Therefore judgment shall enter for the Defendant Pasha on the Thirteenth Count.

Claims Against the Watertown Defendants

CT Page 21995

Tenth and Eleventh Counts — Recklessness Regarding Issuance of the Certificate of Occupancy

In the Tenth Count the Plaintiffs claim that the Defendants Fusco and Skilton, in their official capacities as employees of the town of Watertown, acted recklessly in representing in the certificate of occupancy that the premises were in substantial compliance with applicable codes when there existed numerous, flagrant, substantial and life threatening defects and deficiencies on the premises.

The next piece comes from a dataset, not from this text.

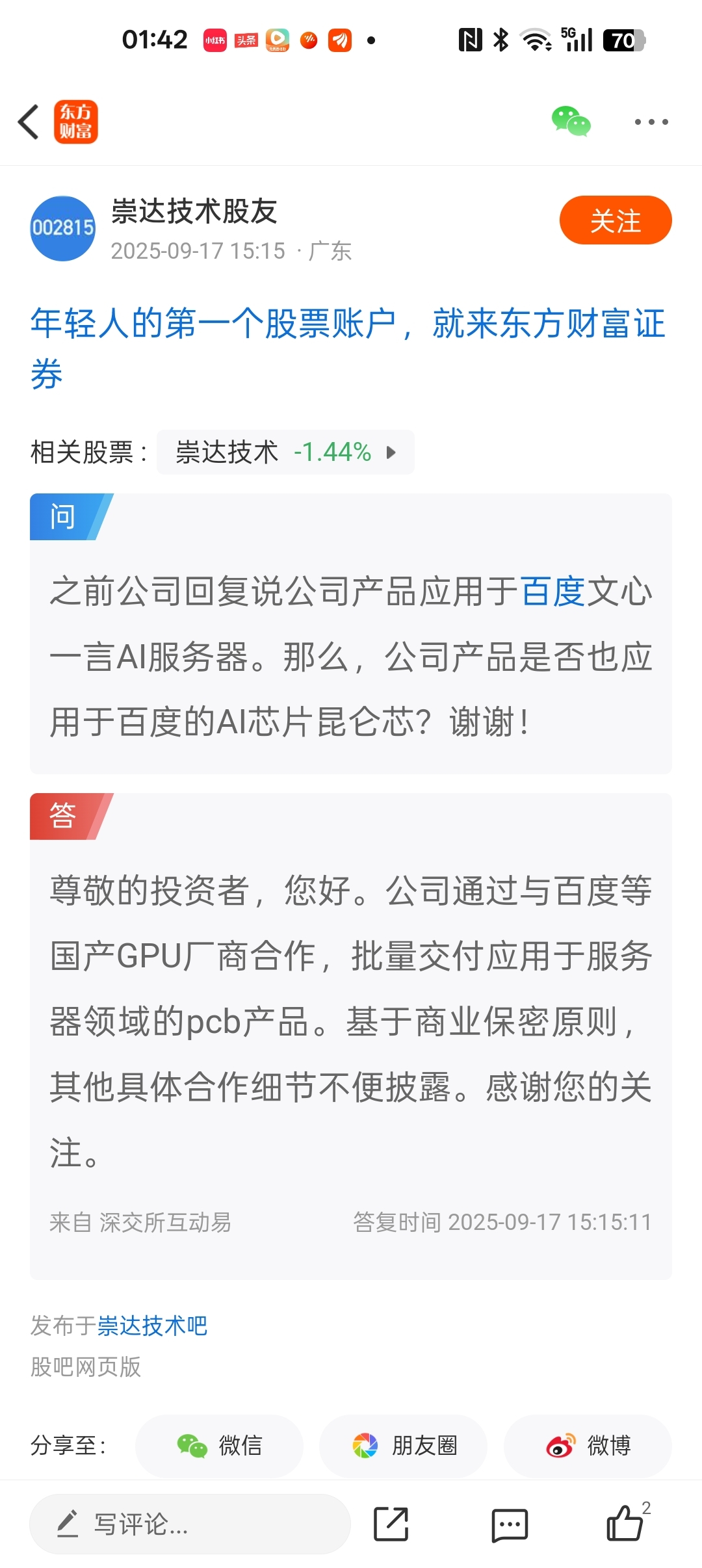 $崇达技术(SZ002815)$

In the Eleventh Count the Plaintiffs claim that pursuant to General Statutes § 52-557n(b)(7) a municipality is liable when its employees issue a permit, where such issuance is discretionary, and its issuance constitutes a reckless disregard for health and safety. The statute states, in pertinent part: "(a) . . . (2) Except as otherwise provided by law, a political subdivision of the state shall not be liable for damages to person or property caused by: . . . (B) negligent acts or omissions which require the exercise of judgment or discretion as an official function of the authority expressly or impliedly granted by law. b) Notwithstanding the provisions of subsection (a) of this section, a political subdivision of the state or any employee, officer or agent acting within the scope of his employment or official duties shall not be liable for damages to person or property resulting from: . . . (7) the issuance, denial, suspension or revocation of, or failure or refusal to issue, deny, suspend or revoke any permit, license, certificate, approval, order or similar authorization, when such authority is a discretionary function by law, unless such issuance, denial, suspension or revocation or such failure or refusal constitutes a reckless disregard for health or safety . . ." "Section 52-557n(b)(7) and (8) exempt towns and municipalities from liability resulting from the negligent inspection of property or negligent issuance of a certification of occupancy unless such issuance or inspection was in reckless disregard of health or safety under the circumstances or unless the defendant had notice of a violation of law." Duffy v. Wallingford, 49 Conn.Sup. 109, 119 (2004). Thus the claims in both the Tenth and Eleventh Counts of the complaint center on the alleged reckless conduct by the Watertown Defendants.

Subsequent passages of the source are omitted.